Um beim Thema Männlichkeit, oder dem Mangel daran, zu bleiben, sei noch angemerkt, daß viele Lycopodium-Männer nur eine spärliche Körperbehaarung haben und der Bartwuchs bei ihnen paradoxerweise besonders lange braucht.

Die schwächlicher aussehenden Lycopodium-Männer (die gewöhnlich auch psychische Schwächlinge sind) wirken im Gesicht oft verhutzelt wie getrocknete Pflaumen. Schon als Babys sehen sie gewöhnlich wie alte Männer aus, und wenn sie älter werden, können ihre schmalen Gesichter mit den engstehenden Augen manchmal wie eine Wurzelknolle wirken.

Es gibt eine Variante von Lycopodium, die ein breites, quadratisches Gesicht hat und oft auch einen breiten, muskulösen Körper. Dieser Typ ist im allgemeinen besonders eingebildet und häufig ein Schürzenjäger. Entweder hat er ungewöhnlich viel echtes Selbstvertrauen, oder er ist ein Angeber, der so tut als ob.

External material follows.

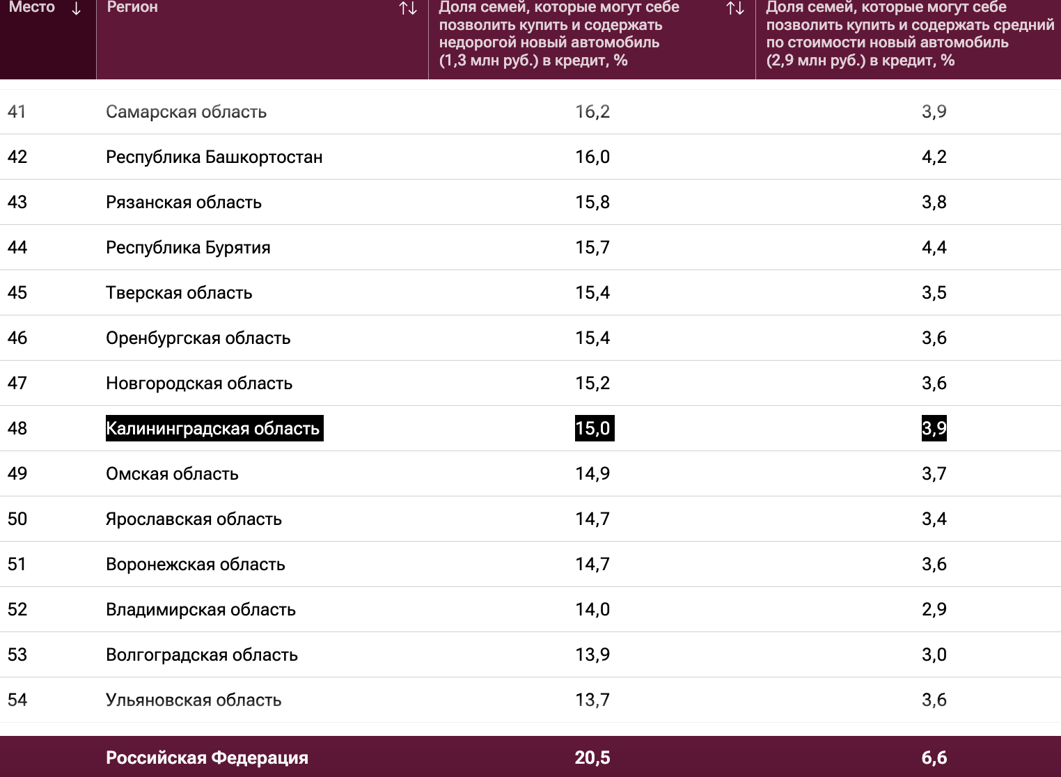 Годом ранее автомобиль стоимостью 1,2 млн руб. могли приобрести 11,8 % калининградских семей, 2,9 млн руб. — 3,3 % (17,6 % и 5,7 % в среднем по РФ).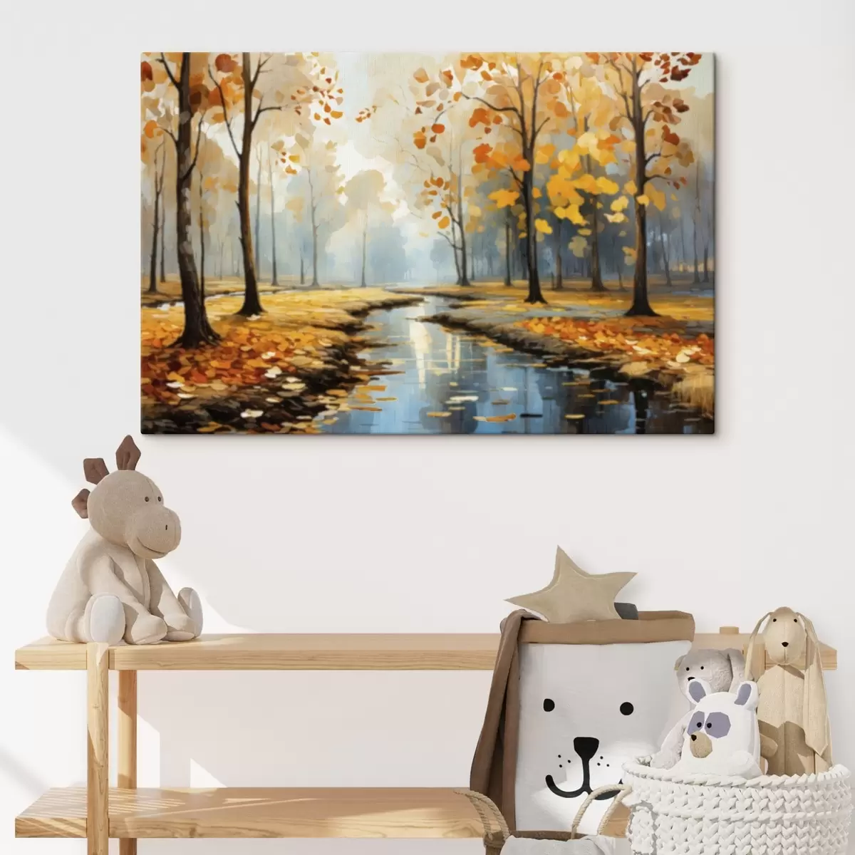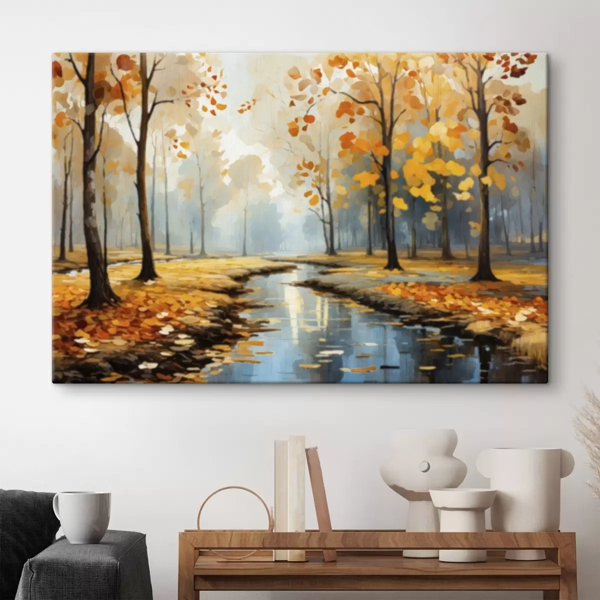 Wandbilder Herbstwald mit Bach und gelben Blättern Art. s47278

Viele Lycopodium-Männer bewahren sich auch in fortgeschrittenem Alter ein jugendliches Aussehen und wirken jungenhaft, was eine Folge ihrer emotionalen Distanziertheit ist.

Lycopodium-Frauen sind ähnlich dünn wie die Männer und haben ebenfalls meist knochige Gesichtszüge und gerunzelte Augenbrauen. Der Brustkorb ist gewöhnlich schmal, und die Frauen wirken im allgemeinen mädchenhaft.

Obwohl Lycopodium konstitutionell dünn ist, gibt es doch eine ganze Reihe übergewichtiger Vertreter dieses Typs, die entweder zuviel Alkohol trinken oder zuviel Süßigkeiten essen. In diesen Fällen sind die Hüften und Beine charakteristischerweise dünn im Vergleich zu dem vergrößerten Bauch.